The printed result should hold only the lines from the opening of the data through the line bearing "Dňa 25. augusta", exactly as given and without pictures.

__Source data__:
▬▬▬

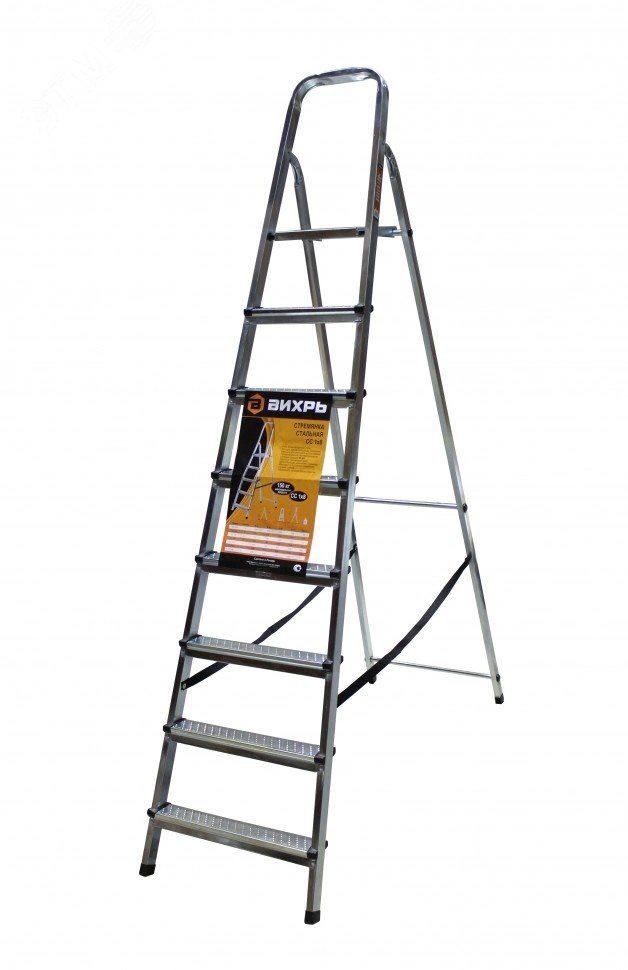 Стремянка стальная ВИХРЬ СС 1х8 - компактная и удобная в работе, широко применяется в быту. Прочный корпус изготовлен из стали. Покрыта гальваническим антикоррозийным покрытием. Чтобы стремянка не скользила, на опорах оборудованы заглушки. Ступени с рифленой поверхностью не позволят скользить во время работы стоящему на них человеку. Благодаря наличию высокой дуги пользователь может безопасно выполнять работу. В сложенном состоянии лестница занимает мало места, что удобно при хранении. Максимальная высота работы 3.69 м., высота площадки - 1.69 м.
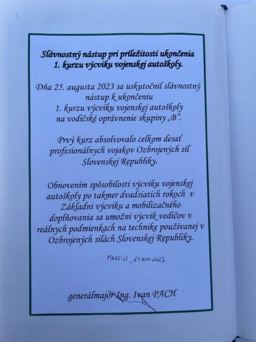 Dňa 25. augusta sa v priestoroch Základne výcviku a mobilizačného doplňovania Martin (ďalej len „ZaVaMD“) uskutočnil slávnostný nástup k ukončeniu 1. kurzu výcviku vojenskej autoškoly na vodičské oprávnenie skupiny „B“. Prvý kurz absolvovalo celkovo desať profesionálnych vojakov, pričom všetci získali vodičské oprávnenie skupiny „B“. Na slávnostnom ceremoniály sa zúčastnil veliteľ Pozemných síl generálmajor Ivan Pach, ktorý vo svojich slovách vyjadril veľkú spokojnosť, že sa takmer po dvadsiatich rokoch podarilo obnoviť spôsobilosť výcviku vojenskej autoškoly, ktorá je prospešná ako pre vojakov tak aj pre ozbrojené sily. Počas slávnostného nástupu veliteľ Pozemných síl uviedol, že počtom je akcia malá, ale významovo veľká a pre vojakov prináša určitý benefit.
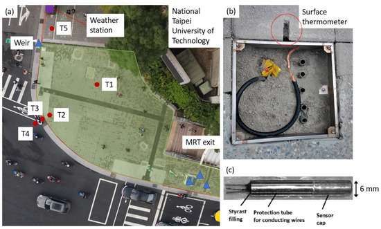 Five temperature-monitoring points were installed: T1, T2, T3, T4, and T5, with T1 and T2 at the pervious site. At each of T1, T2, T3, and T5, five PT1000 thermometers (WIKA Instruments, Taoyuan, Taiwan) were installed at different depths (0.09 m, 0.17 m, 0.24 m, 0.32 m, and 0.36 m) through shafts visible in Figure 1b, and one was installed at 0.015 m depth through a surface notch (indicated with a red circle in Figure 1b). The specification of the PT1000 thermometer (Figure 1c) is provided in Table 1. T4 had only the surface temperature measured.
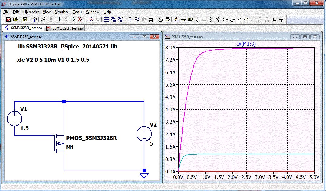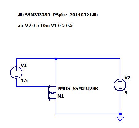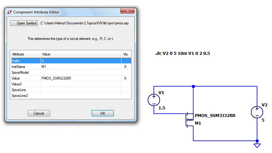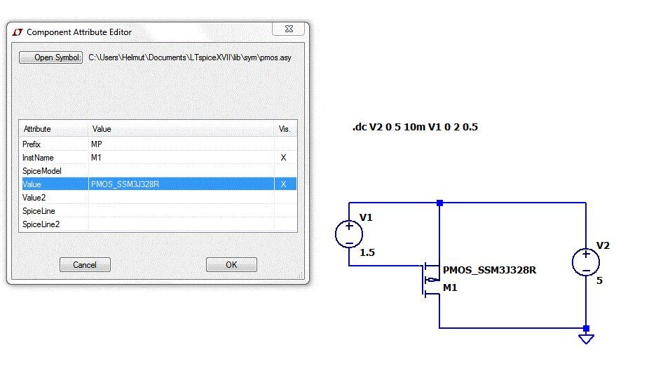 Die Datei mit dem Modell "SSM3J328R_PSpice_20140521.lib" in das Verzeichnis des Schaltplanes kopieren. Einen PMOS in den Schaltplan einfügen. CTRL-Rechtsklick auf das Symbol. Ein Dialogfenster erscheint. Prefix:MP durch Prefix:X ersetzen, da das Modell ein Subcircuit ist. Jetzt hast du ein Symbol für ein Subcircuit. X steht für Subcircuit. 1.GIG -> 2.GIF OK klicken Am Mosfet das PMOS durch den Names des Modells(Subcircuit-Name)erstzen - PMOS_SSM3J328R. 3.GIF Ich empfehle die Datei in das Verzeichnis des Schalplanes zu legen und jedem Design ein eigenes Verzeichnis zu spendieren. LTspice sucht auf jeden Fall auch im Verzeichnis des Schaltplanes nach der Datei die mit .lib oder .inc eingebunden wird. Die Datei mit einer SPICE-Directive einbinden. .lib SSM3J328R_PSpice_20140521.lib 4.GIF Save RUN 4.GIF Gruß Helmut .lib SSM3J328R_PSpice_20140521.lib

▬▬▬

__Worked solution__:
 Стремянка стальная ВИХРЬ СС 1х8 - компактная и удобная в работе, широко применяется в быту. Прочный корпус изготовлен из стали. Покрыта гальваническим антикоррозийным покрытием. Чтобы стремянка не скользила, на опорах оборудованы заглушки. Ступени с рифленой поверхностью не позволят скользить во время работы стоящему на них человеку. Благодаря наличию высокой дуги пользователь может безопасно выполнять работу. В сложенном состоянии лестница занимает мало места, что удобно при хранении. Максимальная высота работы 3.69 м., высота площадки - 1.69 м.
 Dňa 25. augusta sa v priestoroch Základne výcviku a mobilizačného doplňovania Martin (ďalej len „ZaVaMD“) uskutočnil slávnostný nástup k ukončeniu 1. kurzu výcviku vojenskej autoškoly na vodičské oprávnenie skupiny „B“. Prvý kurz absolvovalo celkovo desať profesionálnych vojakov, pričom všetci získali vodičské oprávnenie skupiny „B“. Na slávnostnom ceremoniály sa zúčastnil veliteľ Pozemných síl generálmajor Ivan Pach, ktorý vo svojich slovách vyjadril veľkú spokojnosť, že sa takmer po dvadsiatich rokoch podarilo obnoviť spôsobilosť výcviku vojenskej autoškoly, ktorá je prospešná ako pre vojakov tak aj pre ozbrojené sily. Počas slávnostného nástupu veliteľ Pozemných síl uviedol, že počtom je akcia malá, ale významovo veľká a pre vojakov prináša určitý benefit.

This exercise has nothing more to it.